**Work to complete:** Each line of the material below is to be written out exactly. Leave out any picture.

**Collected material:**
* * *

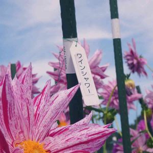 「ダリア園💠」その⑬ (栃木県茂木町) *もてぎの森ダリア園* ひとつひとつのダリアに、ポールがあり名前が付いている。この花💠は、カタカナ名だか、「花嫁人形」などネーミングが面白いものもある。
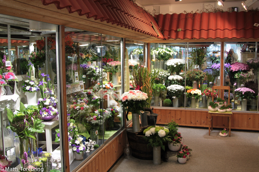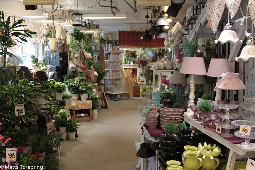 Denna butik måste vara unik i Sverige. Så enormt mycket presentartiklar, levande blommor, sidenblommor och all denna sköna exponering, som de måste vara ensamma om.
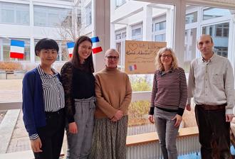 von links: Französischlehrerin My Hien Michel, Fachleiterin Sarah Herzig, Schulleiterin Anke Schüler sowie die beiden französischen Gast-Lehrkräfte Mechthild Hartner und Michael Noé

* * *

**Expected answer:**
 「ダリア園💠」その⑬ (栃木県茂木町) *もてぎの森ダリア園* ひとつひとつのダリアに、ポールがあり名前が付いている。この花💠は、カタカナ名だか、「花嫁人形」などネーミングが面白いものもある。
 Denna butik måste vara unik i Sverige. Så enormt mycket presentartiklar, levande blommor, sidenblommor och all denna sköna exponering, som de måste vara ensamma om.
 von links: Französischlehrerin My Hien Michel, Fachleiterin Sarah Herzig, Schulleiterin Anke Schüler sowie die beiden französischen Gast-Lehrkräfte Mechthild Hartner und Michael Noé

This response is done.